(Special for CAFS) Roundup: EAC calls for peaceful elections in Burundi By Daniel Ooko
NAIROBI, June 26 (Xinhua) -- Regional countries on Saturday called for peaceful presidential elections in Burundi, warning that the region would not entertain any acts of violence in the East African nation.
Kenyan Foreign Affairs Minister Moses Wetangula said Tanzania, Uganda, Kenya and Rwanda, together with Burundi, which are members of the East Africa Community http://www.wubags.com/handbags-r/ (EAC) want Burundi to ensure the polls to be held on Monday are credible to avoid chaos in the region.
Wetangula, who was among the EAC foreign ministers that met with various political parties in Bujumbura on Thursday said the region is unanimous that free and fair elections would avoid a return to anarchy in the tiny African nation.
"As a region we want elections to be held on June 28 in Burundi to be free and fair. Burundi should embrace democracy by participating in the elections which have been boycotted by some parties," Wetangula told journalists in Nairobi.
He urged all political actors, especially the opposition parties to fully embrace the electoral process as the best means to attaining enduring peace and stability for Burundi and for the shared prosperity of the people of East Africa.
Wetangula said instead of boycotting elections, the parties should use the elections as opportunity to demonstrate democracy to the rest of the world.
According to Wetangula, the regional foreign ministers told the parties in Burundi that the gains in both security and stability that have been made in the last couple of years must not be lost.
He said they told the leaders including outgoing President Pierre Nkurunziza from the ruling CNDD-FDD party and his rival from the Union for National Progress (UPRONA) party Yves Sahinguvu who has pulled out of the race that the Arusha agreement that gave rise to all these gains must be protected at all costs.

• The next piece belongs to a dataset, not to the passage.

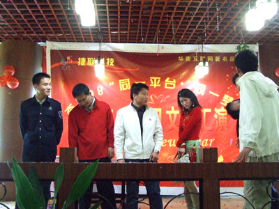 晚會開始:首先由我們捷聯(lián)的總經(jīng)理修總講話,總結(jié)2007所獲得的成果及榮譽(yù),對捷聯(lián)的全體員工的肯定。展望2008年公司的目標(biāo),規(guī)劃公司的宏圖。修總的講話把我們帶入2008捷聯(lián)的目標(biāo),我們在臺下暗暗告訴自己:是的!優(yōu)秀的公司,優(yōu)秀的我們,一定要努力,要做就做最好的!接著是市場總監(jiān)郭總,中山分公司向總,江門分公司向總講話,清晰告訴大家過去一年里所取得的成就!過去的一年已經(jīng)過去,新的一年剛剛開始,新的一年新的開始,我們必須比去年更努力,讓新的一年公司的成績更輝煌!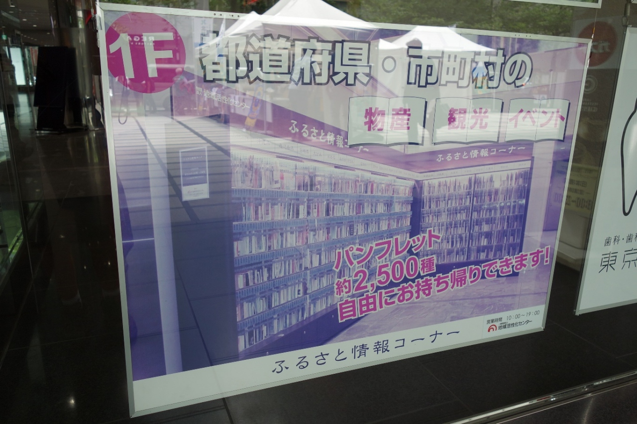 東京駅の八重洲口側から日本橋高島屋の方向へ抜けることができる桜通り沿いに有る日本橋プラザビルにこちらの情報コーナーが有りました。全国各地のパンフレットが置いてあり、興味ある場所の情報を読んでいたら旅行へ行った気分になりました。

Cheap Jordan Shoes"Having listened to all the parties, the region advises the people of Burundi very firmly that the region will not tolerate any slippage of the country into instability and violence," the minister warned.
"We told them that the region hopes that the parties to the elections will, where necessary, adhere to the laid down processes of dispute resolution wherever there is any election other than unhelpful activities."
Burundi's forthcoming presidential elections are meant to consolidate democracy and the peace process which was signed in Tanzania after more than 10 years of civil war.
However, mistrust, allegations of manipulation and the withdrawal of all opposition candidates has overshadowed the vote in the small, densely populated East African country.
Wetangula also warned that the region will impose travel sanctions to individuals bent causing violence that may mar elections, saying the tiny African nation has lost three of its presidents due to anarchy.
"We told the parties that the region will take unkindly any actions by individuals, politicians and anybody that will slip the country into violence. We have discussed it as a region to impose travel sanctions to those individuals so that they don't travel to any country within the region as has happened in West Africa," he warned.